Пустоем вправду остров. Теперь еще проедешь — лошадям по колено будет, а чуть дожди — сиди. Ну, зимой, на санках — другое дело.
Хаты грузные, старые, ни улицы, ни дворов, стоят, в разные стороны глядят. Мокрые собаки как черти лезут из воды и лают.
Пыля ногами, молодые островитяне, мальчишка и девчонка, бесшумно появляются откуда-то сбоку. Я остановился. Стоят и смотрят.
— Как тебя звать?
Оглядывает меня: стоит ли отвечать. Потом говорит звонко:
— Ванька Мохнач.
— А тебя?
Оглядывает меня и еще звонче:
— Катька Мохнач.
— Мы все Мохначи, значит.
— Мохначевы.
«Ладно.
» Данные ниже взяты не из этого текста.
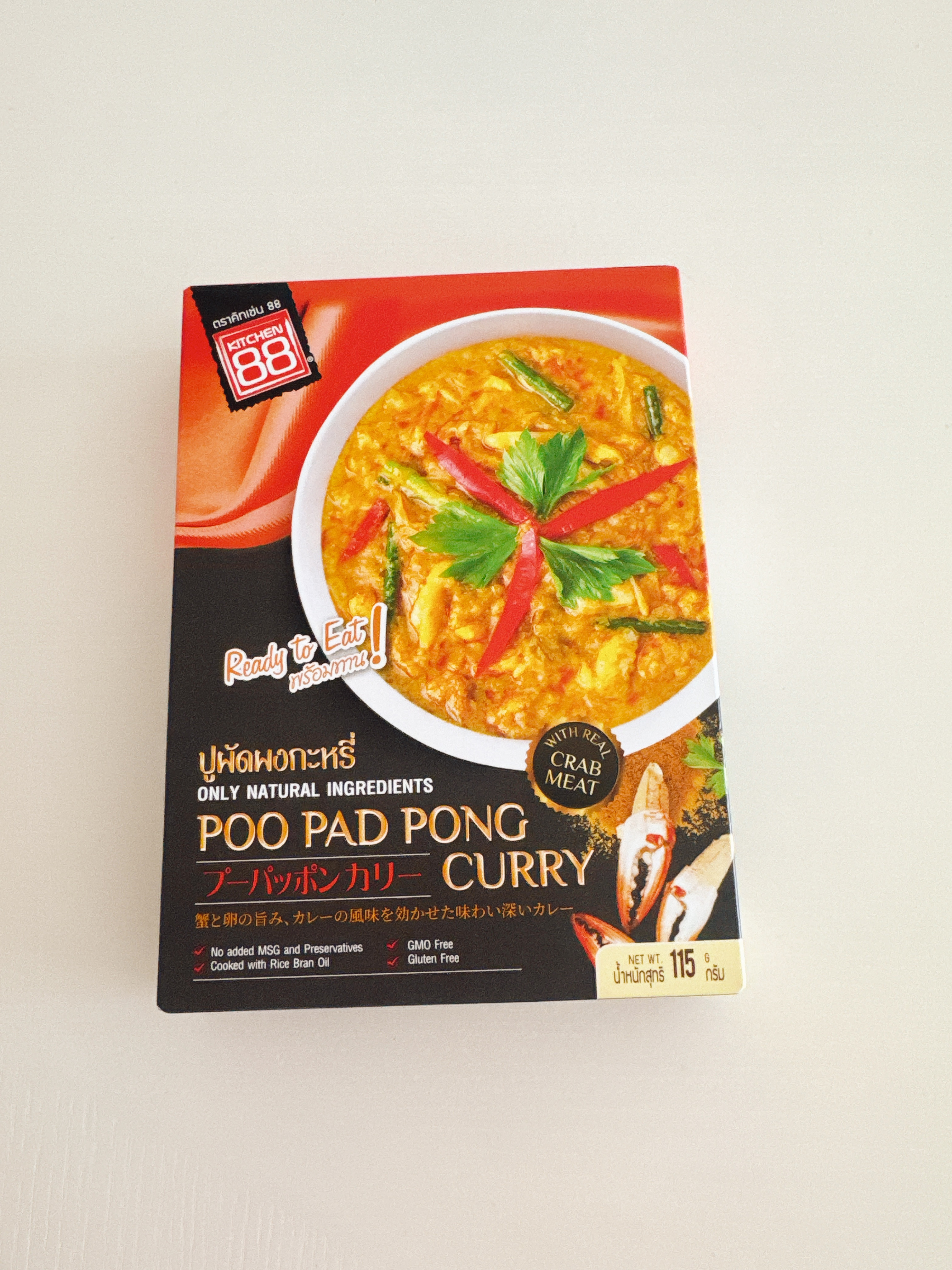 蟹やソフトシェルクラブチリインオイル(甘辛味噌油)、カレーパウダーなどで炒めて、溶き卵でふんわりととじた主にタイで食べられているプーパッポンカリー。食べた事がない海外メニューで、話題になっているものは、カルディか無印良品でだいたい売ってます♪こちらは少し前にカルディで購入、蟹を使うメニューは、家庭ではなかなか敷居が高いですが、お手軽でなかなか美味しかったです♪
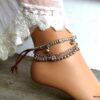 Bracelet de cheville lacet daim rouge

Будем знакомы», — думаю я и вижу, как подползают островитяне. Их немного. Они возбуждены. Стали кольцом. Впереди самый главный, должно быть, Мохначев, тонкий и высокий, как чучело на палке. Все ужасно худые. Только одна старуха круглая. И то не толстая, а раздутая.
— Здравствуйте, — говорю я.
— Здравствуй, — говорят.
Смотрят, совещаются между собой на мой счет, показывают что-то, потом самый главный:
— Ну, говори.
— Что говорить?
— Рассказывай.
— Да что рассказывать?
— Да зачем приехал, про то и рассказывай. Про землю что ли. Или еще там, как богачами будем. Ну!
И он решительно становится в позу слушателя. Другие за ним одергивают рубахи, круглая баба крестится и складывает руки по экватору.
— Я смущен. Говорю, что так пришел, погулять.
— Не верят.
Потом самый главный соображает что-то и, таинственно сверкая глазами, нагибается:
— Листки принес? Так бы и говорил.
— Нет, и листков нет.
— Ой, не врешь ли? В прошлом году приходил один и листки принес, и говорил таково ладно.
— То один, а я другой.
— А другой, так нечего зря ходить.
Самый главный Мохначев круто поворачивается и, размахивая руками, как чучело на ветре, уходит. За ним все.
Я один не то на улице, не то на дворе. Летает солома, кричит где-то сосунок. Петух, обдерганный и старый, идет мне навстречу и, подойдя близко, слишком близко, вскидывает голову и кричит мне прямо в лицо. Я выслушиваю, но не желаю оскорбляться и гляжу по крышам, выискивая какого-нибудь уцелевшего резного конька или подвеску. Старое тут все.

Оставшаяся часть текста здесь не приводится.